Link prediction heterogeneous graph split data for testing and trainig

asat · April 21, 2021, 2:40pm

Hi all
I want to split my edges for heterogeneous graph but I don’t know how to split that, I read this(Link Prediction using Graph Neural Networks — DGL 0.6.1 documentation) and I read this(Edges to include in training of link prediction for heterogeneous graphs) but now I don’t know how, I have 9 edge types.
Thanks in advance!

Sriharsha · April 22, 2021, 2:17am

One way is to set the edge masks at the time of graph preparation and filter them like below before training:

train_eid_dict = {etype: (graph.edges[etype].data['mask'] == 1).nonzero(as_tuple=True)[0] for etype in graph.etypes}
val_eid_dict   = {etype: (graph.edges[etype].data['mask'] == 2).nonzero(as_tuple=True)[0] for etype in graph.etypes}

You can pass these dicts into edge dataloaders

asat · April 22, 2021, 11:07am

Thank you for the help

asat · April 22, 2021, 6:21pm

it is my first work that I want to start in the machine learning world, so clearly don’t know how to begin, I watched the video about link prediction with dgl and read the docs about the hetero graph on-site, these references were great, but for keeping the way I don’t know how to generate them.
Generate the edge masks for all edges?
Another question is about my dataset, in dataset score determine the two nodes have a link or not that score adds to the graph as a feature of edges or as validation edge type idk how to add this data.

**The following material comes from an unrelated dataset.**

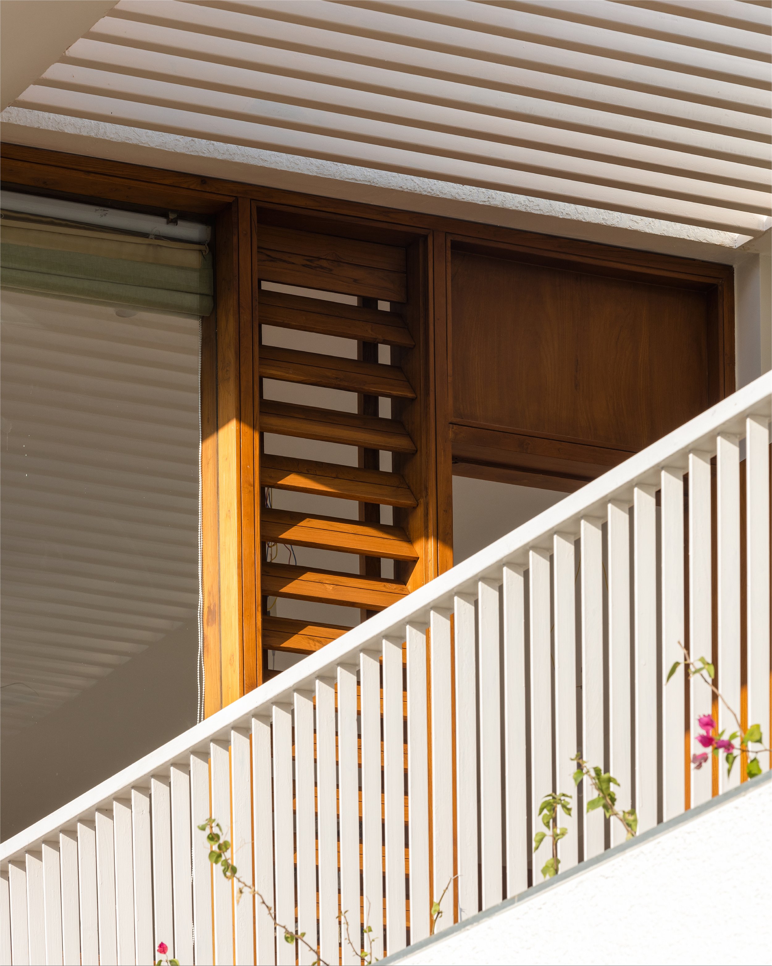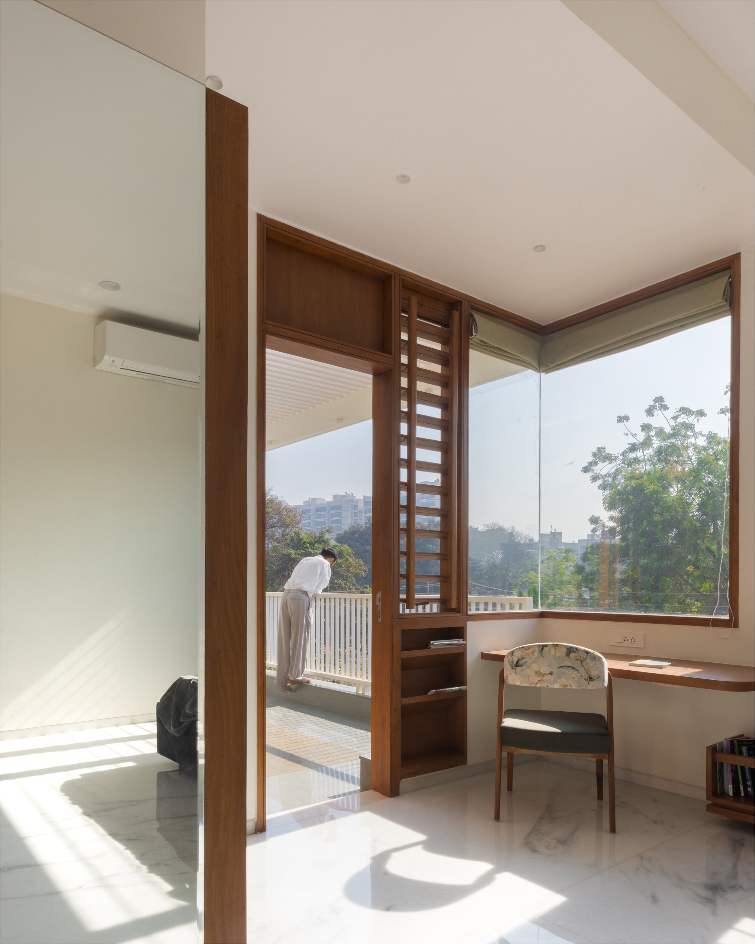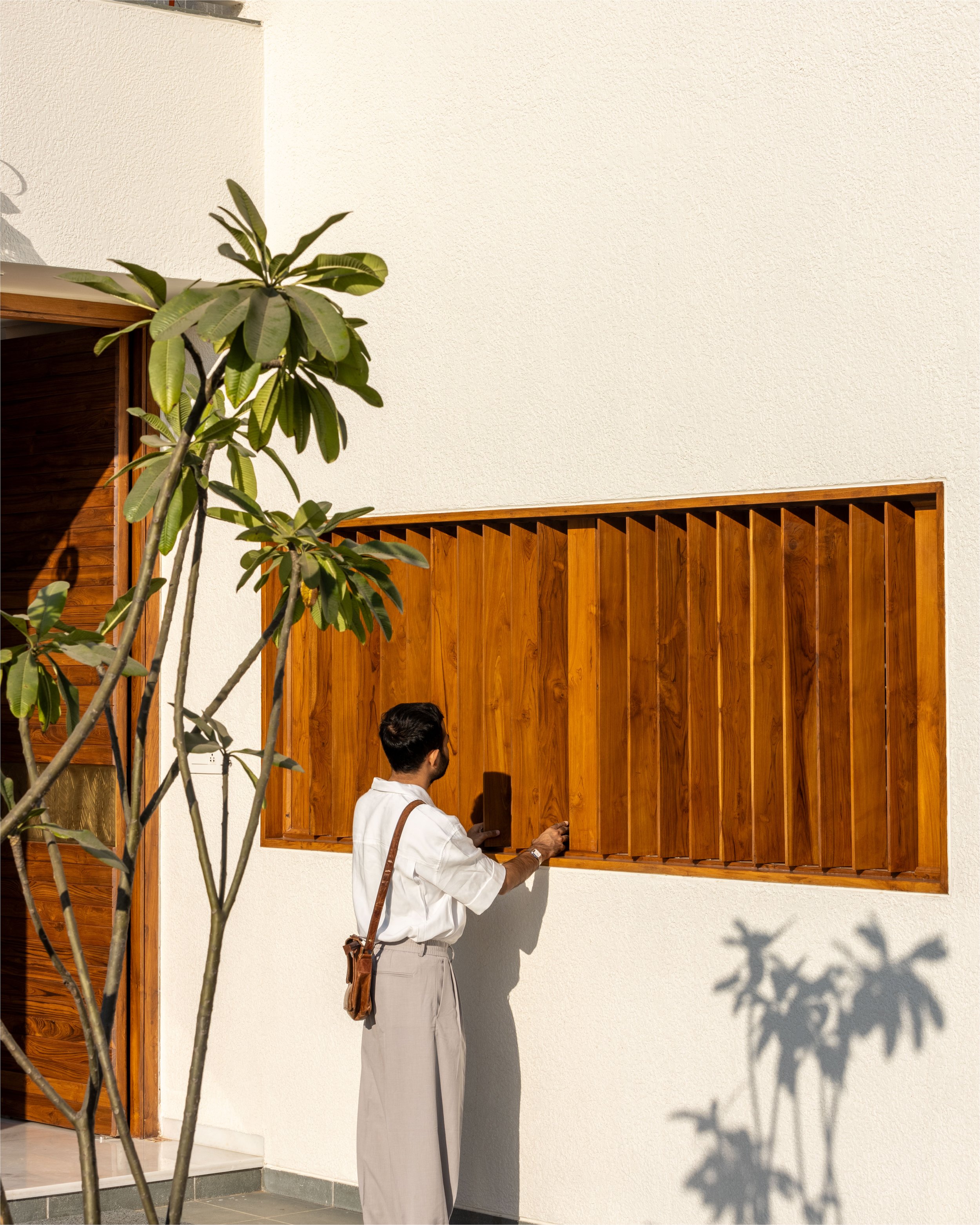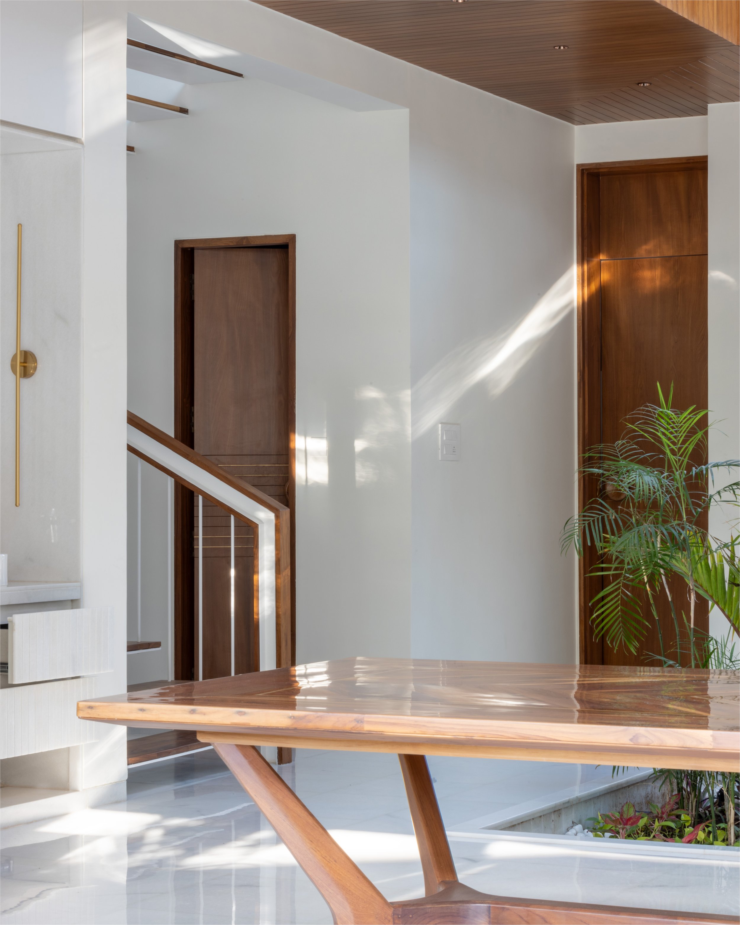 The doors and windows are made from reclaimed wood sourced from a demolished church in a nearby village. White walls and white marble, along with wood and plants make a more earthen Gandhian neutral palette. In this house, light plays with materials and creates a dynamic environment throughout the day, allowing users to occupy the house and make it into a home.

minjie · April 27, 2021, 7:26am

It depends on the problem you wish to solve. One typical way is to randomly select a portion (say 90%) of the edges for training and the rest for testing. You then generate the 0-1 mask based on the selection.

system · May 27, 2021, 7:26am

This topic was automatically closed 30 days after the last reply. New replies are no longer allowed.